> [About this exercise]:
Repeat everything in the data exactly except images.

> [Data excerpt]:
BEGIN
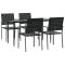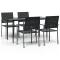 Ensemble à manger de jardin 5 pcs résine tressée acierCet ensemble à manger de jardin, combinant à la fois style et fonctionnalité, est sûrement destiné à être la pièce maîtresse de votre jardin, terrasse et de tout autre espace de vie. Matériau résistant aux intempéries : la résine tressée, également connue sous le nom de rotin poly, résiste aux intempéries et est facile à nettoyer. Elle reste belle à l'extérieur pendant une longue période. Elle offre une excellente qualité, commodité et un aspect esthétique. Cadre robuste et stable : les cadres en acier rendent l'ensemble à manger robuste et stable pour une utilisation quotidienne à l'extérieur. Dessus de table pratique : le plateau lisse de la table à manger est en verre trempé facile à nettoyer avec un chiffon humide. De plus, il offre un excellent support pour contenir vos repas, boissons et autres objets décoratifs. Assise confortable : la chaise à manger est conçue avec des accoudoirs pour vous offrir une expérience d'assise confortable. Remarque : Pour que vos meubles d'extérieur restent beaux, nous vous recommandons de les protéger avec une housse imperméable. Maximum 110 kg par siège.
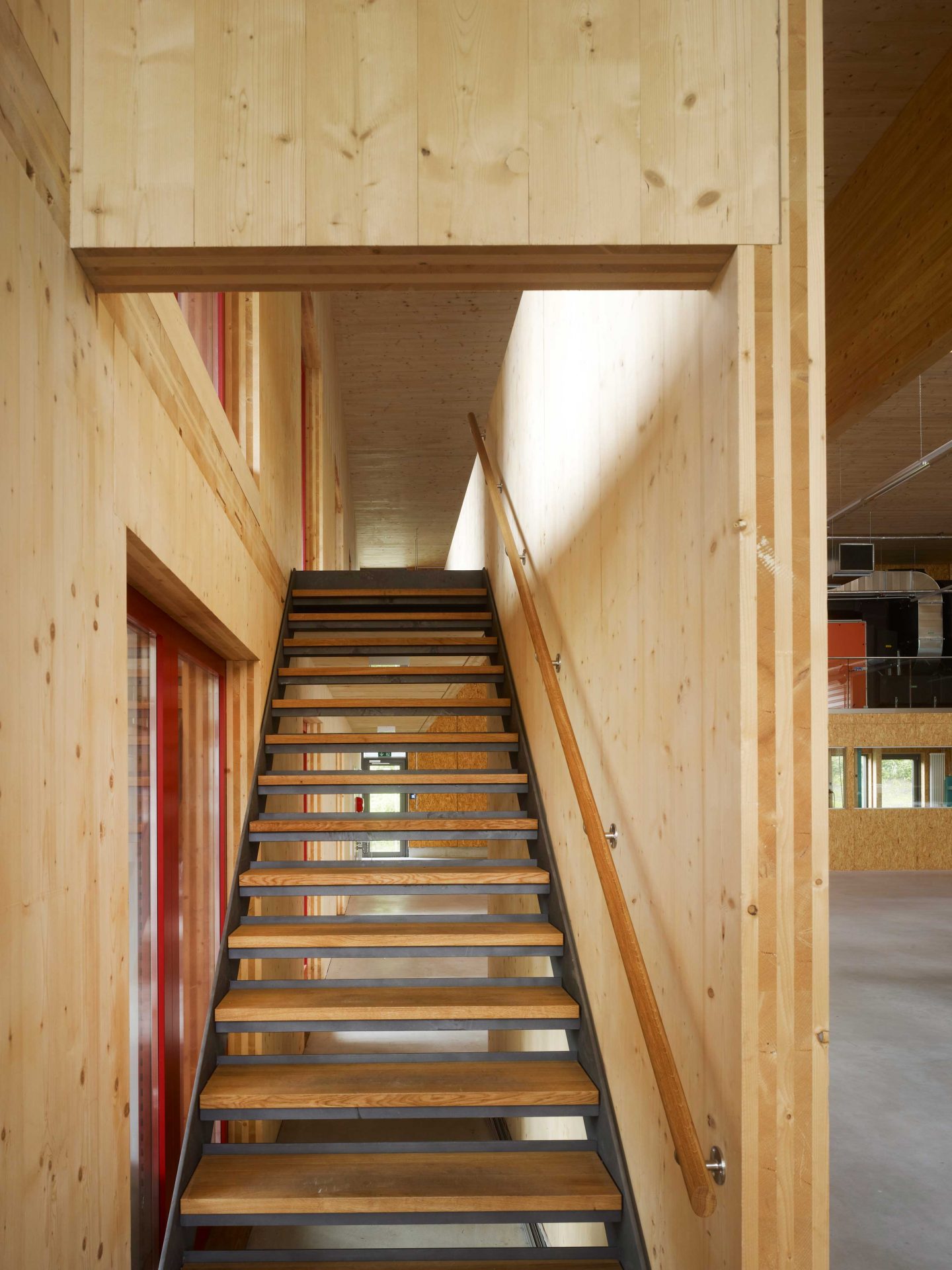 Um ein ganzheitlich ökologisches sowie effizientes Gebäude zu konzipieren wurde die Halle neben ihrer Auslegung als Nullenergiegebäude auch im Hinblick auf die verwendeten Materialien und das Nutzerempfinden sorgfältig geplant. Zentraler Punkt des Entwurfs ist die hochgedämmte Holz-Leichtbaukonstruktion, die sich in der langjährigen Erfahrung der Architekten bewährt hat. Die Verwendung von Holz im Sichtbereich führt die Materialwahl im Innenraum konsequent fort und erzeugt ein freundliches Umfeld. Überlegt gesetzte Öffnungen schaffen fließende Übergänge und Akzente in der weitläufigen Halle.
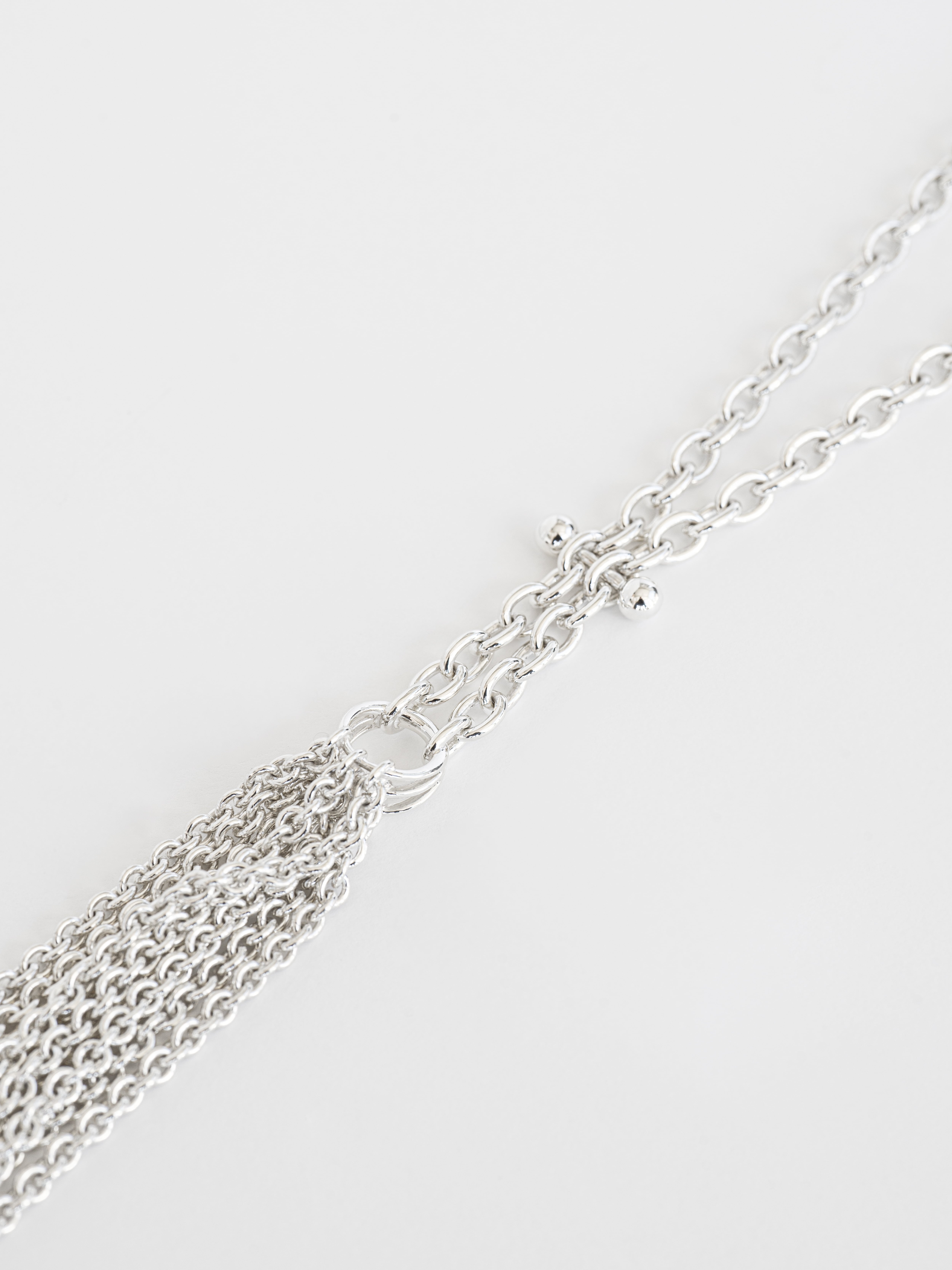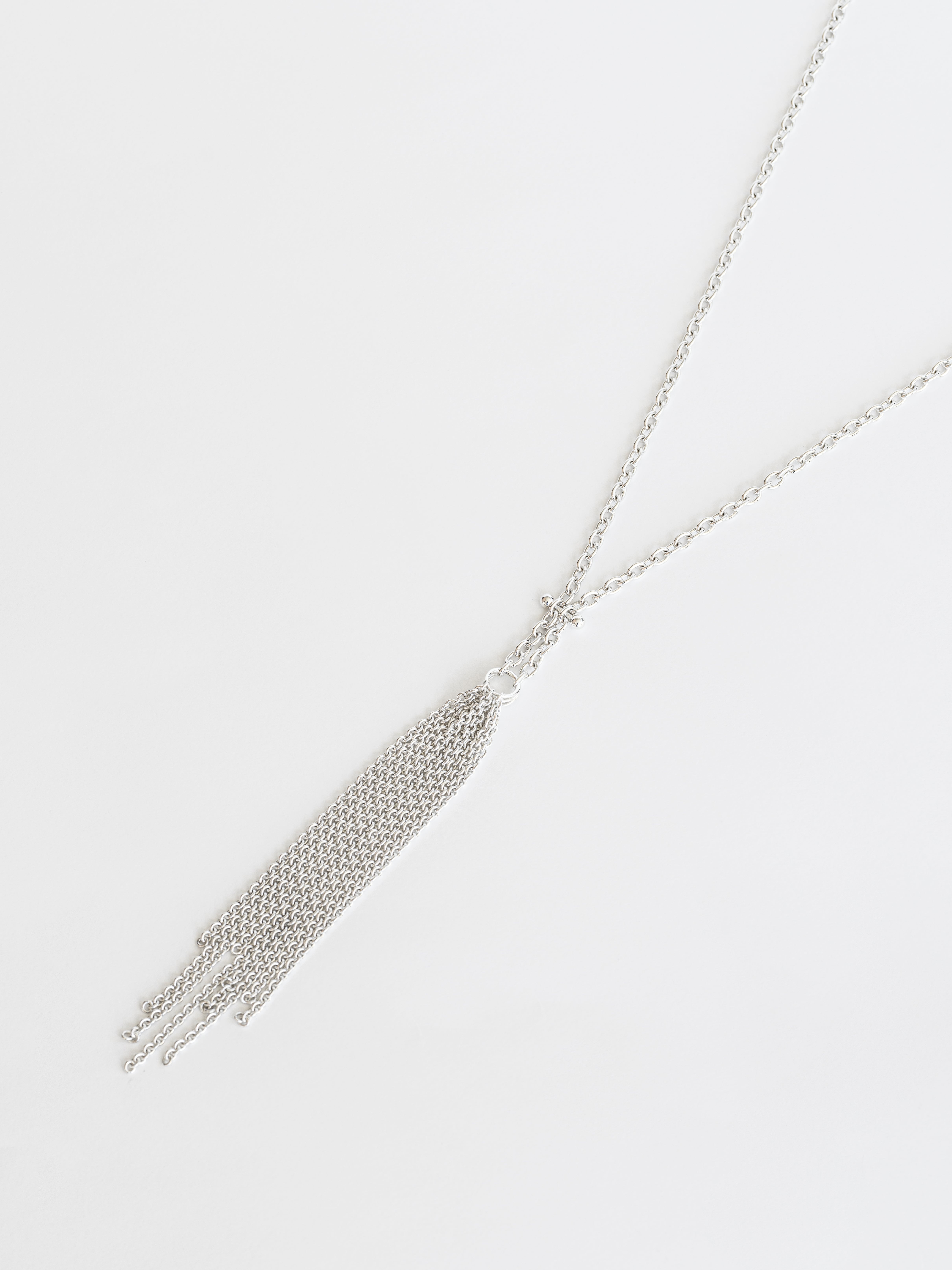 RHODES|ローズ シルバー製のタッセルネックレス。 ローズは2021年にファビュラスサウンズのディレクター、吉田量によって設立したブランド。インスピレーションをキーワードに、多彩なデザインのジュエリーを展開。 日本製 シルバー925 全長 : 47cm|ネックレス : 54cm アイテムナンバー|RHODES006-S 価格|¥220,000
END
> [Solution]:
 Ensemble à manger de jardin 5 pcs résine tressée acierCet ensemble à manger de jardin, combinant à la fois style et fonctionnalité, est sûrement destiné à être la pièce maîtresse de votre jardin, terrasse et de tout autre espace de vie. Matériau résistant aux intempéries : la résine tressée, également connue sous le nom de rotin poly, résiste aux intempéries et est facile à nettoyer. Elle reste belle à l'extérieur pendant une longue période. Elle offre une excellente qualité, commodité et un aspect esthétique. Cadre robuste et stable : les cadres en acier rendent l'ensemble à manger robuste et stable pour une utilisation quotidienne à l'extérieur. Dessus de table pratique : le plateau lisse de la table à manger est en verre trempé facile à nettoyer avec un chiffon humide. De plus, il offre un excellent support pour contenir vos repas, boissons et autres objets décoratifs. Assise confortable : la chaise à manger est conçue avec des accoudoirs pour vous offrir une expérience d'assise confortable. Remarque : Pour que vos meubles d'extérieur restent beaux, nous vous recommandons de les protéger avec une housse imperméable. Maximum 110 kg par siège.
 Um ein ganzheitlich ökologisches sowie effizientes Gebäude zu konzipieren wurde die Halle neben ihrer Auslegung als Nullenergiegebäude auch im Hinblick auf die verwendeten Materialien und das Nutzerempfinden sorgfältig geplant. Zentraler Punkt des Entwurfs ist die hochgedämmte Holz-Leichtbaukonstruktion, die sich in der langjährigen Erfahrung der Architekten bewährt hat. Die Verwendung von Holz im Sichtbereich führt die Materialwahl im Innenraum konsequent fort und erzeugt ein freundliches Umfeld. Überlegt gesetzte Öffnungen schaffen fließende Übergänge und Akzente in der weitläufigen Halle.
 RHODES|ローズ シルバー製のタッセルネックレス。 ローズは2021年にファビュラスサウンズのディレクター、吉田量によって設立したブランド。インスピレーションをキーワードに、多彩なデザインのジュエリーを展開。 日本製 シルバー925 全長 : 47cm|ネックレス : 54cm アイテムナンバー|RHODES006-S 価格|¥220,000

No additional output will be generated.